His Honour Judge Byrne KC concluded:

“It is an important consideration that to allow the application will be to deprive the respondent of a complete defence afforded by the limitation period. however, in circumstances where much of the prejudice asserted to be suffered by [Millenium] if the application is granted would likely have been ameliorated by a correct understanding of the joinder…, where there is no fault on the part of the applicant herself, and where the fault of the solicitor can be distilled to the single, but serious, omission to protect the applicant’s position in light of no response being received to the request for extension, I consider that the interests of justice favour the granting of the application…”

Case Commentary

This matter demonstrates that an Applicant in a personal injuries claim should not necessarily be unfairly penalised for the mistakes of their lawyers; the sins of solicitors will not be visited upon them.

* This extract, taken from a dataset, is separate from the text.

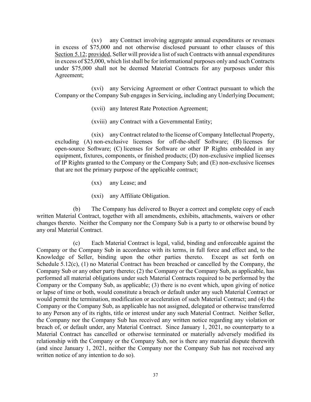 37 (xv) any Contract involving aggregate annual expenditures or revenues in excess of $75,000 and not otherwise disclosed pursuant to other clauses of this Section 5.12; provided, Seller will provide a list of such Contracts with annual expenditures in excess of $25,000, which list shall be for informational purposes only and such Contracts under $75,000 shall not be deemed Material Contracts for any purposes under this Agreement; (xvi) any Servicing Agreement or other Contract pursuant to which the Company or the Company Sub engages in Servicing, including any Underlying Document; (xvii) any Interest Rate Protection Agreement; (xviii) any Contract with a Governmental Entity; (xix) any Contract related to the license of Company Intellectual Property, excluding (A) non-exclusive licenses for off-the-shelf Software; (B) licenses for open-source Software; (C) licenses for Software or other IP Rights embedded in any equipment, fixtures, components, or finished products; (D) non-exclusive implied licenses of IP Rights granted to the Company or the Company Sub; and (E) non-exclusive licenses that are not the primary purpose of the applicable contract; (xx) any Lease; and (xxi) any Affiliate Obligation. (b) The Company has delivered to Buyer a correct and complete copy of each written Material Contract, together with all amendments, exhibits, attachments, waivers or other changes thereto. Neither the Company nor the Company Sub is a party to or otherwise bound by any oral Material Contract. (c) Each Material Contract is legal, valid, binding and enforceable against the Company or the Company Sub in accordance with its terms, in full force and effect and, to the Knowledge of Seller, binding upon the other parties thereto. Except as set forth on Schedule 5.12(c), (1) no Material Contract has been breached or cancelled by the Company, the Company Sub or any other party thereto; (2) the Company or the Company Sub, as applicable, has performed all material obligations under such Material Contracts required to be performed by the Company or the Company Sub, as applicable; (3) there is no event which, upon giving of notice or lapse of time or both, would constitute a breach or default under any such Material Contract or would permit the termination, modification or acceleration of such Material Contract; and (4) the Company or the Company Sub, as applicable has not assigned, delegated or otherwise transferred to any Person any of its rights, title or interest under any such Material Contract. Neither Seller, the Company nor the Company Sub has received any written notice regarding any violation or breach of, or default under, any Material Contract. Since January 1, 2021, no counterparty to a Material Contract has cancelled or otherwise terminated or materially adversely modified its relationship with the Company or the Company Sub, nor is there any material dispute therewith (and since January 1, 2021, neither the Company nor the Company Sub has not received any written notice of any intention to do so).

Whilst solicitor oversight is a relevant consideration, it does not necessarily mean an unfavourable result for the Applicant. However, it is important to acknowledge the unusual circumstances where both parties had made mistakes that resulted in an unjust result for the Applicant, who acted diligently and through no fault of her own. Otherwise, the Applicant’s remedy for her solicitors’ oversight may have been against her solicitors in a professional negligence claim.

“The content of this publication is for reference purposes only. It is current at the date of publication. This content does not constitute legal advice and should not be relied upon as such. Legal advice about your specific circumstances should always be obtained before taking any action based on this publication.”